As for the crowds, Ash says: "They sure did love the fast stuff! When you play in a band with the same people for a while, you get to know them, as people, like a lover or marriage. This translates to playing, but you can never talk about it at the time, hey it's too fucking loud! You know how the other guys breathe, you can tell how they’re feeling from the first few bars…it's going to be a good gig tonight! It flows into this melting pot of intuitive energy. Being a good player is not about not making mistakes, it's about a quick recovery from them or turning it into something else. When all the players can lock into the downstroke and deliver the energy, have the power and give it to the audience, people absorb it and they have an emotional response to the music. On a good night that's what we did - we rocked. That’s what I like when I see a band, and I still see many. The Kelpies rocked and people loved it."

"After the Kelpies finished Mark and Con started Soggy Porridge. Mark rang me up at Redfern and asked me to join. I was shooting up all the time by now and had caught hepatitis. What a sight! I had bleached blonde hair and bright yellow skin. The local koorie kids in Redfern thought I was the weirdest thing they had seen. I did about 10 gigs with them and bowed out before I was kicked out. I went on to shoot up and hang in my room for 6 years until I went to this hippie/surfie rehab up the north coast of New South Wales where I got off the gear. I waited about a year before I started playing again and have been pretty active since 1988."

"Jim's in Darwin. He did ring me and Brian once and said he wanted to play some music again. He had another bout with cancer, and they peeled his face off like Hannibal Lecter and cut some cancer out of his brain. He was pretty fucked out by it and playing music helped him last time he said so he wanted to play some more. After a week or so I rang his place and his brother answered and said he went back to Darwin, I guess he's still up there."

"Mark lives down the coast and started up a blues band, but I heard it split up. He's doing a lot of surfing and pisses off overseas to surf. Post Kelpies he had a band called the Candy Harlots that he sang in. They were very popular for a while in Sydney and I saw them a few times. When Guns and Roses came out I thought they were a nice clean rip-off of the Harlots."

"The only member I see regularly is Brian. We are very close and visit each other with kids. He has a wonderful family and an international business. He comes and checks out the bands I'm in from time to time and lends me his gear from under the bed when I record.
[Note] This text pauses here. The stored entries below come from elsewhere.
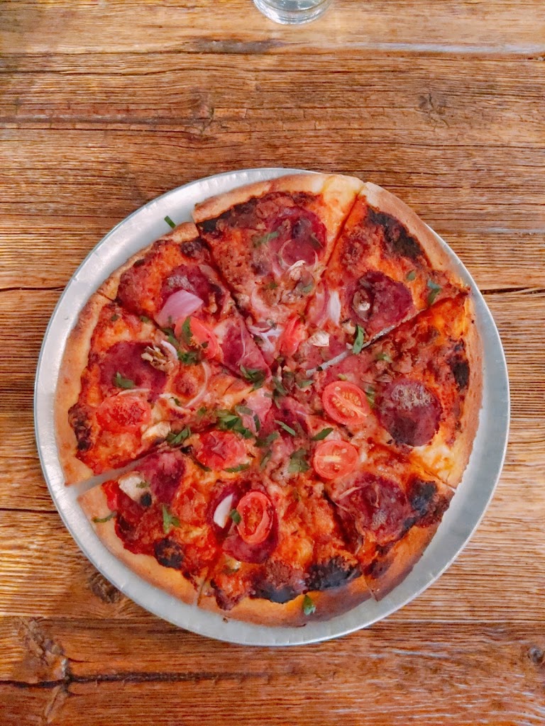 Delicious flatbreads cooked on stone slabs in their wood fire oven. We shared a 13 half Farmers, half Hot & Spicy. The ingredients were fresh and came together nicely. The flatbread was thin and baked to perfection. We also shared a large Caesar salad, which was slightly overdressed but tasty nonetheless. The ambiance is nice and cozy.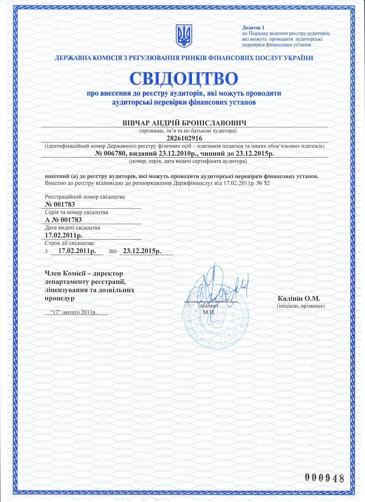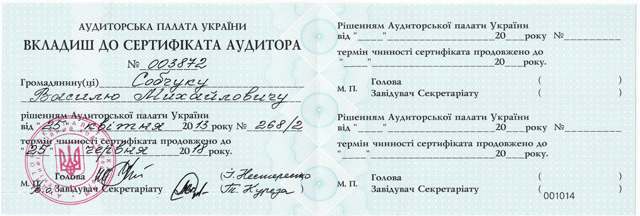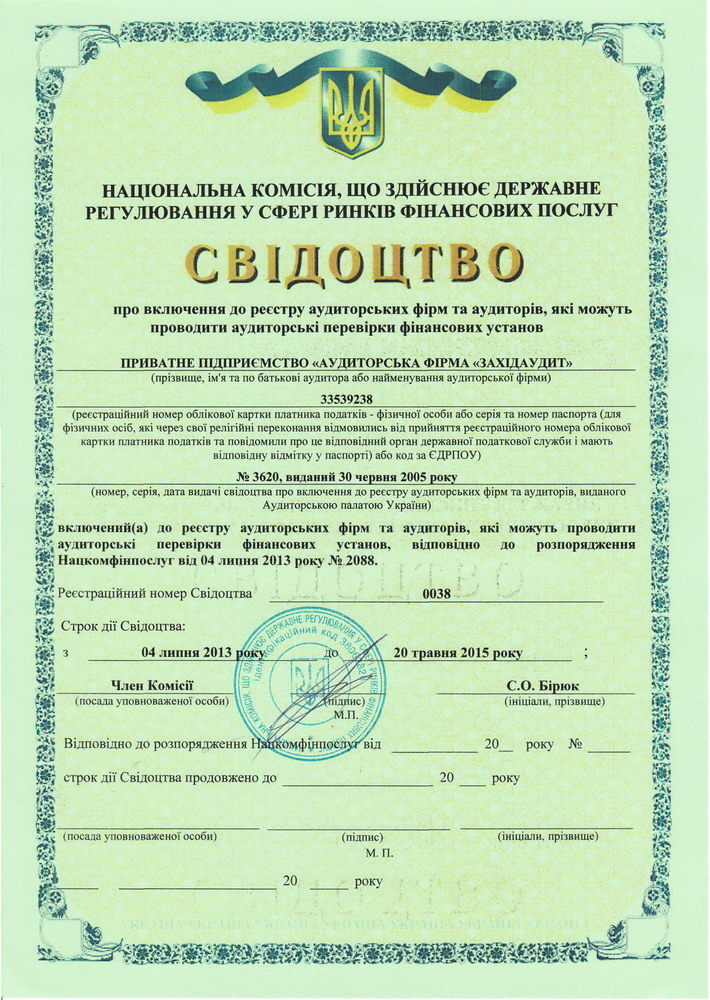 - Свідоцтво про внесення до реєстру аудиторів для перевірки фінансових установ серія А № 001783 від 17.02.2011 р. (Держкомфінпослуг)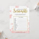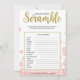Denna moderna blommiga "Bridal Word Scramble" har en rosa blommig bakgrund med gyllene glitterstänk. Texten är skriven i en kombination av ett lekfullt kalligrafiskt teckensnitt och ett modernt sans-serif-teckensnitt, detta Bridal Word Scramble-kort är personligt med brudens namn och datum för brudens shower.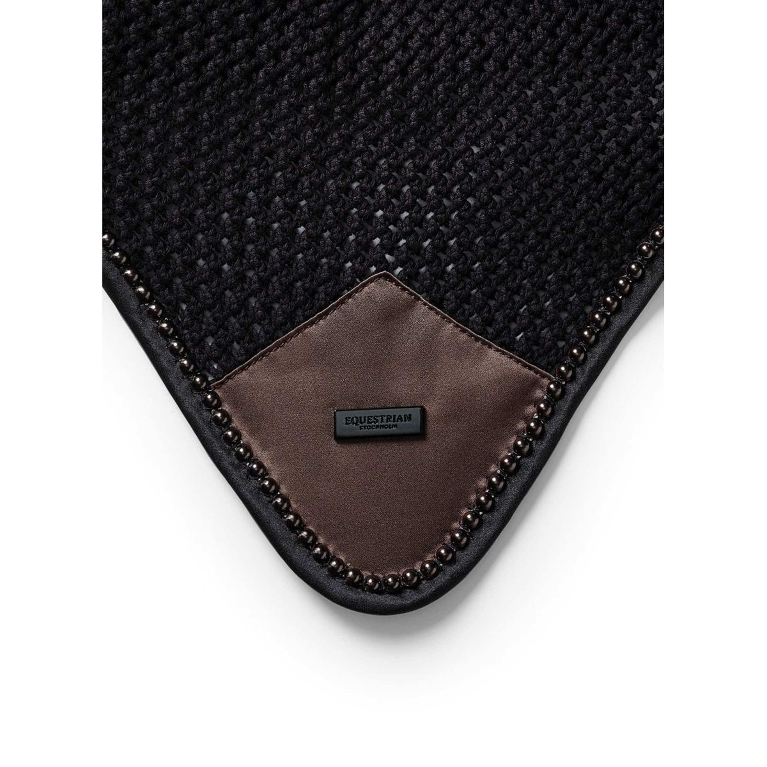 Orejera de ganchillo de lujo en un elegante color negro. Adornado con un parche de satén marrón moca en la parte delantera, acabado en bordes negros, perlas marrones moca y un logotipo negro de Equestrian Stockholm. El gorro de la oreja ofrece protección contra insectos y reducción del ruido. Para mayor comodidad, el tejido es elástico en las orejas. Encaja perfectamente con la mantilla de la colección Modern Mocha.

He plays me songs he writes every now and then. He is a great song writer, and any feeling he has goes straight down his arms through his hands into and through the guitar. He really taps into energy. He is also an extremely good painter, but mainly he tells me about his work and taking over the world via his computer."

The sessions that produced the tracks on the Aberrant compilation also produced several solid takes of songs that are on The Dungeon Tapes. Ashley burned me a full CD-R of the Kelpies studio songs, many of which have never been released as studio recordings. All of them have the general feel and quality of the Aberrant compilation tracks.
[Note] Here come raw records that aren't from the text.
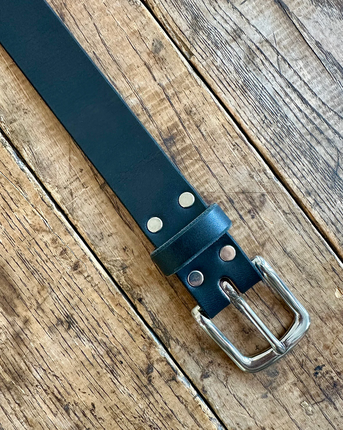 A classic full grain leather belt that looks, smells, and feels like real leather. Made with solid brass (on brown) or stainless steel (on black) buckle and hardware, with a natural grain that patinas beautifully over time. Small batch handmade in our Omaha, NE studio.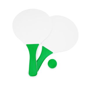 Racket body in white and handle in same colour as ball.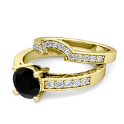 Pave Diamond and Solitaire Black Diamond Engagement Ring Bridal Set in 18k Gold, 7mm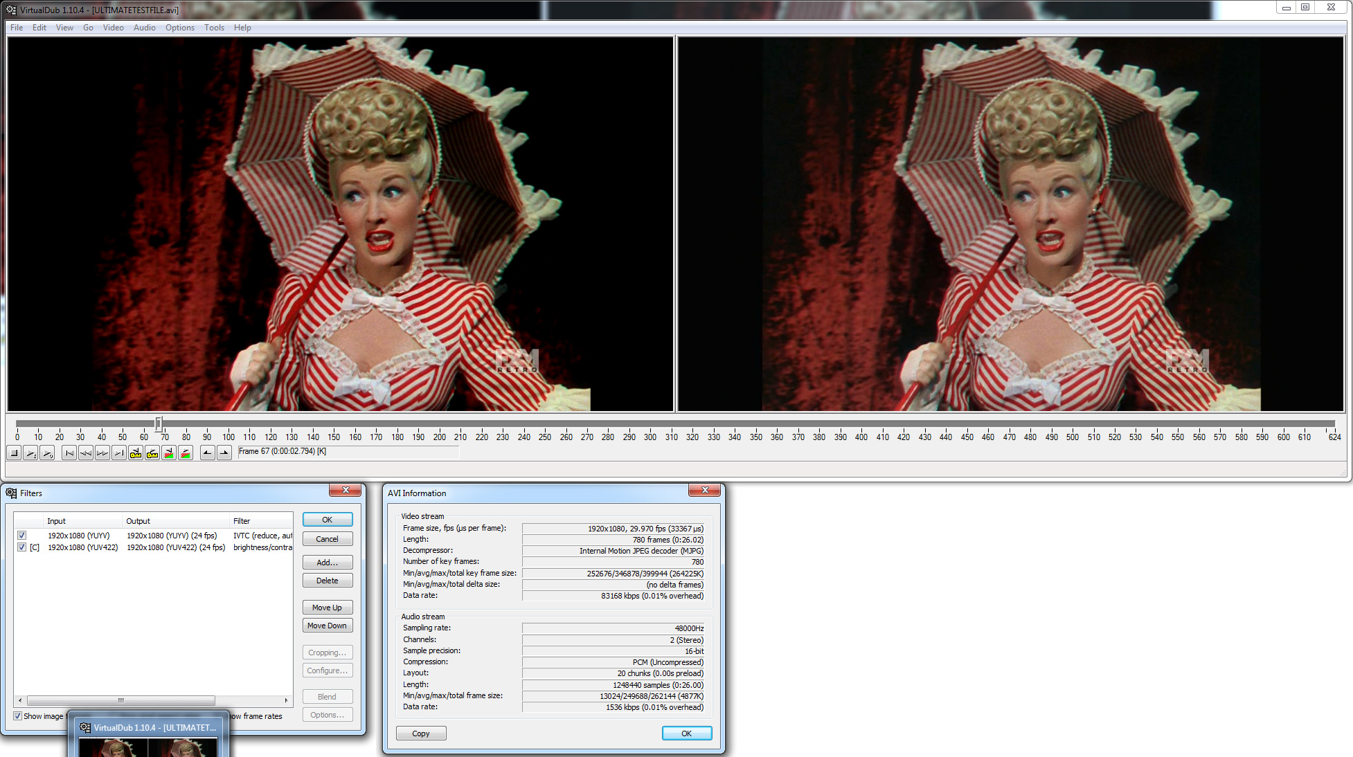 The only problem I have with these methods is that the output files are so large. Recording with Blackmagic Media Express, an 8-bit YUV video at 1 minute is just above 7gbs! When exporting uncompressed in VirtualDub, it's 3.61gbs for the 26 second ULTIMATETESTFILE.avi. I can accept this as a fact of life if the MJPEG is unfixable but it sure is a lot of work. I suppose it's probably worth it because of the content's wonderfulness though. -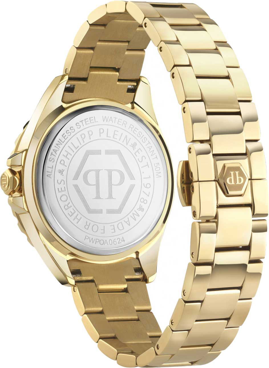 Женские часы Philipp Plein PWPOA0624 с надежным кварцевым механизмом. Корпус часов изготовлен из стали с IP-покрытиемIP-покрытиеМетод ионного напыления. Демонстрирует повышенную устойчивость к истиранию, окислению и химическим веществам. Под воздействием высокого давления и температуры около 1500°C молекулы металла надёжно соединяются с частицами корпуса часов.. Минеральное стеклоМинеральное стеклоМинеральное стекло представляет собой искусственно выращенный минерал кварца. Такое стекло отличается особой устойчивостью к повреждениям и царапинам. Уступает по некоторым качествам сапфировому стеклу. устойчивое к мелким механическим повреждениям. Влагозащита: 50 метров, позволит плавать, нырять и заниматься другими водными видами спорта. Стрелки и метки с люминесцентным покрытиемЛюминесцентное покрытиеПозволяет считывать показания времени в темноте. Производители наносят на стрелки, часовые индексы, безель или поверхность циферблата светонакопительный состав, дающий холодное свечение..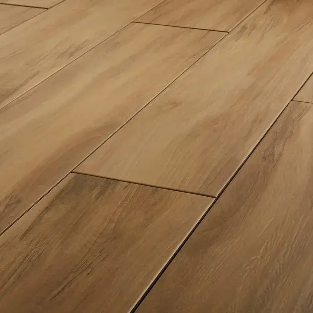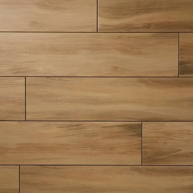 Suelo cerámico con efecto madera en color madera natural, nogal.

"Six years ago I grew a crop of pot, a common pastime of some bands here in Oz", he said. "As I gave up pot 10 years ago the money went on constructive things - a drum kit, a Les Paul guitar, 4 track recorder etc. Every now and then I get chronic melancholia for the past and ring up Mark Easton (Kelpies guitarist). Mark is a person and musician I admire, I picked up how to write songs from playing in the Kelpies and Soggy Porridge with Mark. While talking to him on the phone I asked him about old recordings by the Kelpies and Soggy Porridge. He said he had the quarter inch tapes under the bed, and as DAT had become a standard in studios I asked him for the tapes to copy off onto DAT. He was OK about giving me the tapes as I had spent a couple of years convincing people I wasn’t a hopeless junkie any more.

"When Mark came over two weeks later I got two reel to reel tapes in white cardboard boxes, chatted to Mark for a while and we played a couple of songs Mark on guitar and me on bass, then he split. I opened the boxes and nearly had a heart attack, the tapes looked like a couple dead bodies all green and smelly, and my chronic melancholia had been kicked in the head by the skinheads of circumstance. Over the next 2 weeks I found out that dead body green tapes were common and Albert's studio (yes where AC/DC used to record their early stuff here) would "bake" the tapes to reduce the mould, master the recordings and run off a DAT for $700 Australian bucks!!! If I didn’t have the money from the crop there's no way I would have done it. I borrowed someone's DAT player and ran off tapes. This year I got some CDs run off and burn CDs myself as I have a burner. "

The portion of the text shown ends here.